The arrangement is backed by funding from the German state of Baden-Württemberg and is the latest European effort to target mass production of lithium-ion battery cells for electric cars.
The German government has set aside 1 bilion euros (£890m) to support companies within the country looking to enter battery production for electric vehicles.
The market for such large-format batteries is currently dominated by Asian companies including China’s CATL, South Korea’s SK Innovation and Japan’s Panasonic.
“We are working hard to establish cell production for large-format lithium-ion cells here in the country,” Minister of Economic Affairs Nicole Hoffmeister-Kraut told journalists on Monday, according to local media reports. “We can not allow our companies to become ever more dependent on Asian manufacturers. ”
Thus far no German carmakers or suppliers have been willing to invest the billions of pounds that would be necessary to ramp up large-scale battery production in the country.
With the new research partnership, Varta and the Fraunhofer Institute are aiming to find ways of reducing the current scrap rate of 10 percent by building a more digitised production line, said Fraunhofer’s Thomas Bauernhansl.
Varta is a world leader in hearing aid batteries and also produces large batteries for the storage of solar energy.
It is the only company in Germany with experience in the mass production of battery cells, reducing the risks of its entry into the market.
The company said the agreement is intended to lay the foundation for extending lithium-ion battery production.

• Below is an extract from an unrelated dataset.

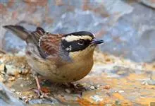 棕眉山岩鹨是岩鹨科、岩鹨属小型鸟类,体长13-16厘米。头和头侧黑色,有一长而宽阔的皮黄色眉纹从额基一直向后延伸至后头侧,在黑色的头部极为醒目。背、肩栗褐色具黑褐色纵纹。两翅黑褐色,翅上有黄白色翅斑。…全部>>
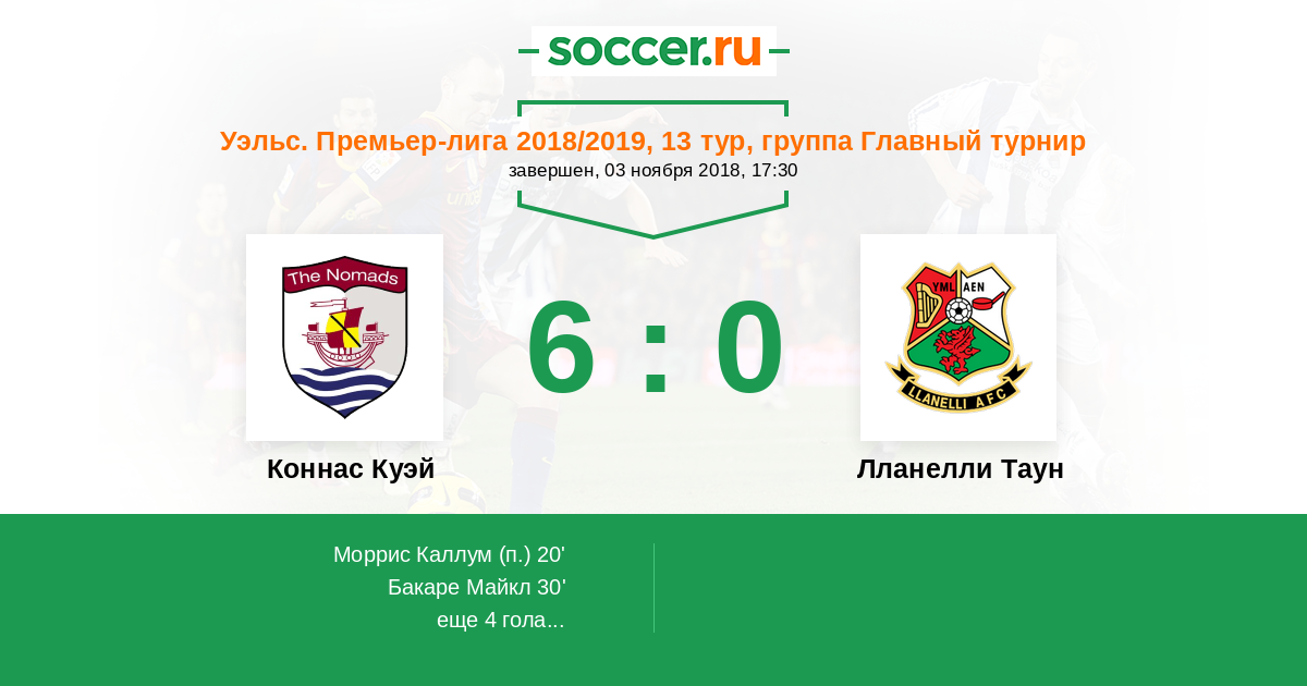 Протокол матча Коннас Куэй против Лланелли Таун

“Our business model is not to conduct research projects,” Varta chief executive Herbert Schein said at a press event in Stuttgart. “If we do research projects, we want to invest and produce afterwards.”
But production would be likely to require other major industrial partners. BASF and Ford’s German subsidiary, Ford-Werke, are rumoured to be in talks with German Economy Minister Peter Altmaier about building local battery cell alliances, according to Reuters.
Altmaier has said he has been in talks with interested parties for several consortia on battery cell production and that he expects concrete investment decisions by the end of the first quarter of next year.
In April a company called Northvolt, founded by two former Tesla executives, began construction in Sweden of the first phase of a planned large-scale battery factory that would be similar in scale to Tesla’s Gigafactory 1 in Nevada.